> [Problem description] Write the records out exactly as shown. No pictures.

Stored items
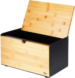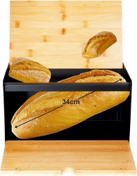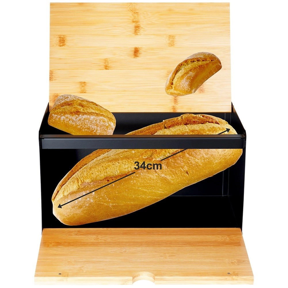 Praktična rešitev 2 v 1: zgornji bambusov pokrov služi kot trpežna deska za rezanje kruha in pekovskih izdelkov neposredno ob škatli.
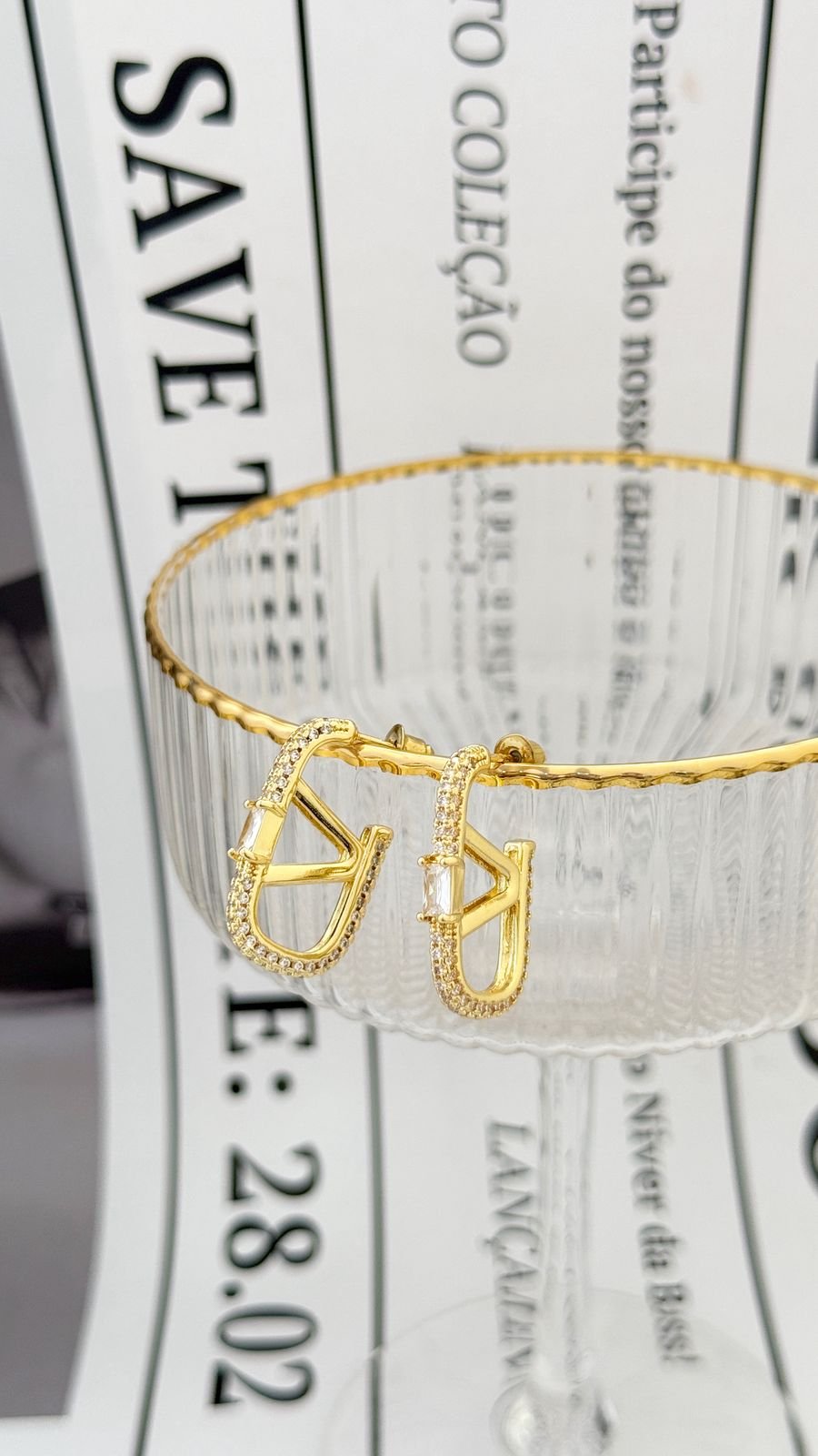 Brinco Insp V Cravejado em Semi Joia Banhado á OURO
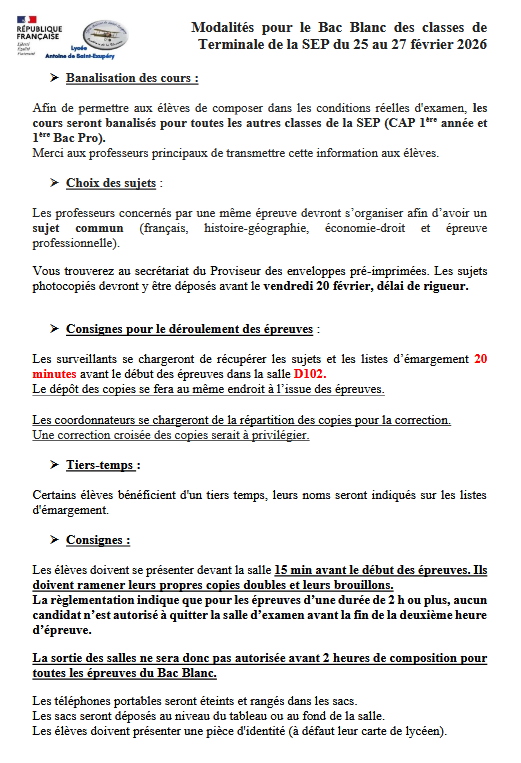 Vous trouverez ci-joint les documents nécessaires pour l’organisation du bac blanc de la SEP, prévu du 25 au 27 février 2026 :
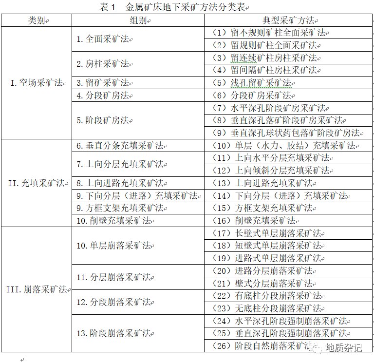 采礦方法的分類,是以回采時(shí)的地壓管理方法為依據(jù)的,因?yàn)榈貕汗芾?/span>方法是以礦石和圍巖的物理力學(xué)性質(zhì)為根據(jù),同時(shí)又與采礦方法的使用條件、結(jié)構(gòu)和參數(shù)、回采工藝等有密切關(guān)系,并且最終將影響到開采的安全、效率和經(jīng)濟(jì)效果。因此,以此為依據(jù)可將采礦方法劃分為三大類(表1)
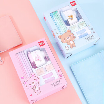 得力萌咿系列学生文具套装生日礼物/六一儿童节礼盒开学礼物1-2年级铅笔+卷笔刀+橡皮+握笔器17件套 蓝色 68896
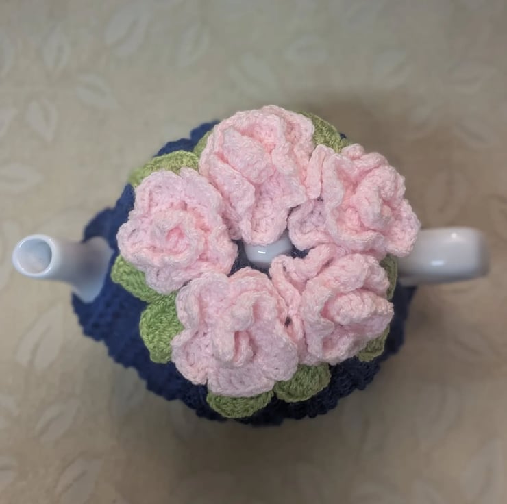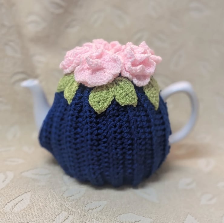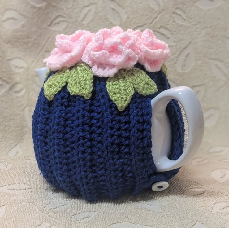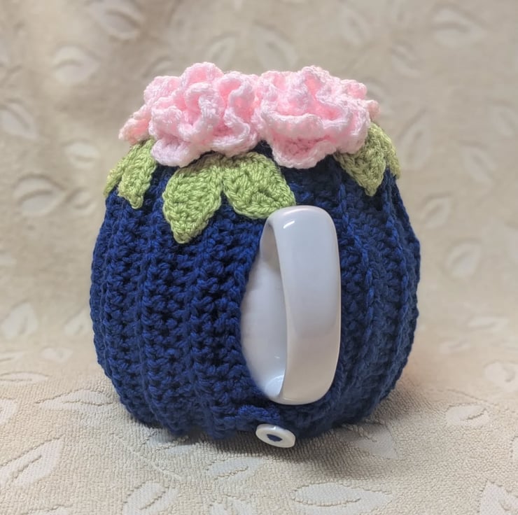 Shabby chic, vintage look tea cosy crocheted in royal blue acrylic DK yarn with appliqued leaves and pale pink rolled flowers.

> [Output of the exercise]
 Praktična rešitev 2 v 1: zgornji bambusov pokrov služi kot trpežna deska za rezanje kruha in pekovskih izdelkov neposredno ob škatli.
 Brinco Insp V Cravejado em Semi Joia Banhado á OURO
 Vous trouverez ci-joint les documents nécessaires pour l’organisation du bac blanc de la SEP, prévu du 25 au 27 février 2026 :
 采礦方法的分類,是以回采時(shí)的地壓管理方法為依據(jù)的,因?yàn)榈貕汗芾?/span>方法是以礦石和圍巖的物理力學(xué)性質(zhì)為根據(jù),同時(shí)又與采礦方法的使用條件、結(jié)構(gòu)和參數(shù)、回采工藝等有密切關(guān)系,并且最終將影響到開采的安全、效率和經(jīng)濟(jì)效果。因此,以此為依據(jù)可將采礦方法劃分為三大類(表1)
 得力萌咿系列学生文具套装生日礼物/六一儿童节礼盒开学礼物1-2年级铅笔+卷笔刀+橡皮+握笔器17件套 蓝色 68896
 Shabby chic, vintage look tea cosy crocheted in royal blue acrylic DK yarn with appliqued leaves and pale pink rolled flowers.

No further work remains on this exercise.